The Greco-Roman lightweight competition at the 1912 Summer Olympics was part of the wrestling programme.

The competition used a form of double-elimination tournament.  Rather than using the brackets that are now standard for double-elimination contests (and which assure that each match is between two competitors with the same number of losses), each wrestler drew a number.  Each man would face off against the wrestler with the next number, provided he had not already faced that wrestler and that the wrestler was not from the same nation as him (unless this was necessary to avoid byes).

When only three wrestlers remain (the medalists), the double-elimination halts and a special final round is used to determine the order of the medals.

Results

First round

48 wrestlers began the competition.

Second round

Arthur Gould and Árpád Szántó withdrew after their first round losses.  46 wrestlers started the second round, 24 with no losses and 22 with one.

16 were eliminated.  6 survived potential elimination (5 by eliminating another wrestler, 1 by giving a previously undefeated wrestler his first loss).  7 received their first loss, while 17 remained undefeated.

Third round

Paul Tirkkonen and Bror Flygare abandoned the contest after their first losses in round 2. 28 wrestlers started the third round, 17 with no losses and 11 with one.

6 were eliminated.  5 survived potential elimination (2 by eliminating another wrestler, 3 by giving a previously undefeated wrestler his first loss).  8 received their first loss, while 9 remained undefeated.

Fourth round

22 wrestlers started the fourth round, 9 with no losses and 13 with one.
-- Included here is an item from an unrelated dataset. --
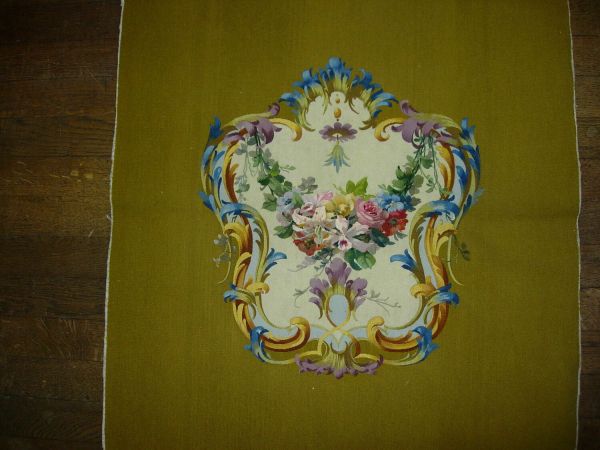 Du meuble n° 18ter de la manufacture de Beauvais, à motif de fleurs, retissage sur fond vert du meuble n° 18 dessiné par Auguste Mangonot en 1893.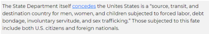 就连美国国务院自己也承认,美国是强迫劳动、债务奴役、非自愿奴役、性贩运受害者的“来源国、中转国和目的地国”,受害者中包括美国公民和外国公民。

6 were eliminated.  7 survived potential elimination (4 by eliminating another wrestler, 3 by giving a previously undefeated wrestler his first loss).  5 received their first loss, while 4 remained undefeated.

Fifth round

Otto Laitinen withdrew after his first loss, in round four.

15 wrestlers started the fifth round, 4 with no losses and 11 with one.  The round exhibited a set-up slightly peculiar for the format, in that every match was symmetrical in terms of number of losses for each wrestler.  2 matches were between pairs of undefeated men, while 5 matches were between pairs of wrestlers both facing elimination.  There were no matches between an undefeated wrestler and one with one loss.

Unsurprisingly, given that, 5 men were eliminated and 5 survived potential elimination, with a sixth advancing with one loss due to a bye.  2 received their first loss, while 2 remained undefeated.

Sixth round

10 wrestlers started the fifth round, 2 with no losses and 8 with one.

The two remaining undefeated wrestlers, Väre and Malmström, faced off, with Väre coming out the better.  The other four matches were all between two men facing elimination, and so the winners of those four matches were expected to join Malmström in moving to the seventh round with one loss while the losers were out.  The match between Kaplur and Kolehmainen, however, resulted in both wrestlers disqualified, so only 5 wrestlers moved on.

Seventh round

5 wrestlers started the fifth round, 1 with no losses and 4 with one.  The match between Lund and Radvány resulted in both wrestlers disqualified, pulling the round to a quick halt since there were then remaining only three wrestlers.  Those three moved on to the final round.

Final round

With three wrestlers remaining, all of the previous results were ignored for the final round.